Peristiwa tersebut terjadi pada Rabu (13/5/2026) dan pertama kali diketahui oleh seorang siswa kelas XI berinisial ST saat hendak mengonsumsi makanan yang diterimanya. Temuan itu kemudian menyebar di lingkungan sekolah dan menimbulkan keresahan di kalangan siswa maupun tenaga pendidik.
Berdasarkan informasi yang dihimpun, sekitar 100 paket makanan menjadi perhatian dalam kejadian tersebut. Namun dari jumlah itu, hanya tujuh paket yang dikabarkan sempat diganti oleh pihak penyedia makanan. Kondisi tersebut memunculkan pertanyaan mengenai mekanisme pengawasan kualitas makanan sebelum didistribusikan kepada siswa.
Ketua Aliansi Wartawan Pasundan (AWP), N. Nurhadi, menilai dugaan tersebut tidak boleh dianggap sepele karena berkaitan langsung dengan kesehatan dan keselamatan peserta didik sebagai penerima manfaat program MBG.

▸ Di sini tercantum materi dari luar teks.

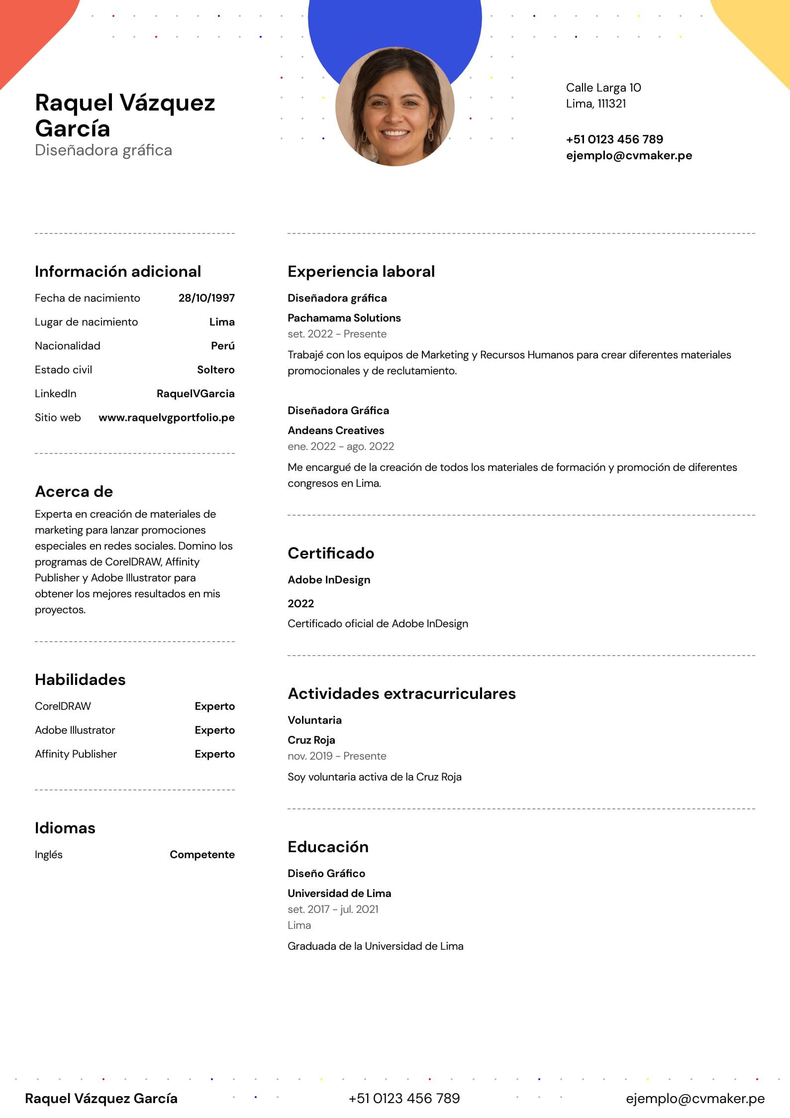 Ejemplo de Currículum de Diseñador Gráfico

“Program MBG merupakan langkah positif dalam mendukung kebutuhan gizi anak sekolah. Namun jika ditemukan dugaan telur lalat pada makanan, maka hal ini harus menjadi evaluasi serius seluruh pihak terkait,” ujar Nurhadi, Kamis (14/5/2026).
Ia juga mempertanyakan standar higienitas dapur penyedia makanan, termasuk legalitas operasional vendor dan kepemilikan sertifikat laik higienis sanitasi. Menurutnya, keterbukaan informasi dari pihak penyedia sangat diperlukan untuk menjaga kepercayaan publik terhadap program pemerintah tersebut.
“Pengawasan tidak boleh hanya saat distribusi. Mulai dari proses pengolahan, pengemasan, hingga pengiriman makanan ke sekolah harus diawasi secara ketat. Jangan sampai program yang bertujuan baik justru menimbulkan keresahan di masyarakat,” tegasnya.
Hingga berita ini diturunkan, belum ada keterangan resmi dari pihak vendor penyedia MBG maupun instansi terkait mengenai dugaan ditemukannya telur lalat pada menu makanan di SMKN 1 Padaherang. Masyarakat pun berharap dilakukan evaluasi menyeluruh dan peningkatan pengawasan agar makanan yang diberikan kepada siswa benar-benar aman, sehat, dan layak konsumsi.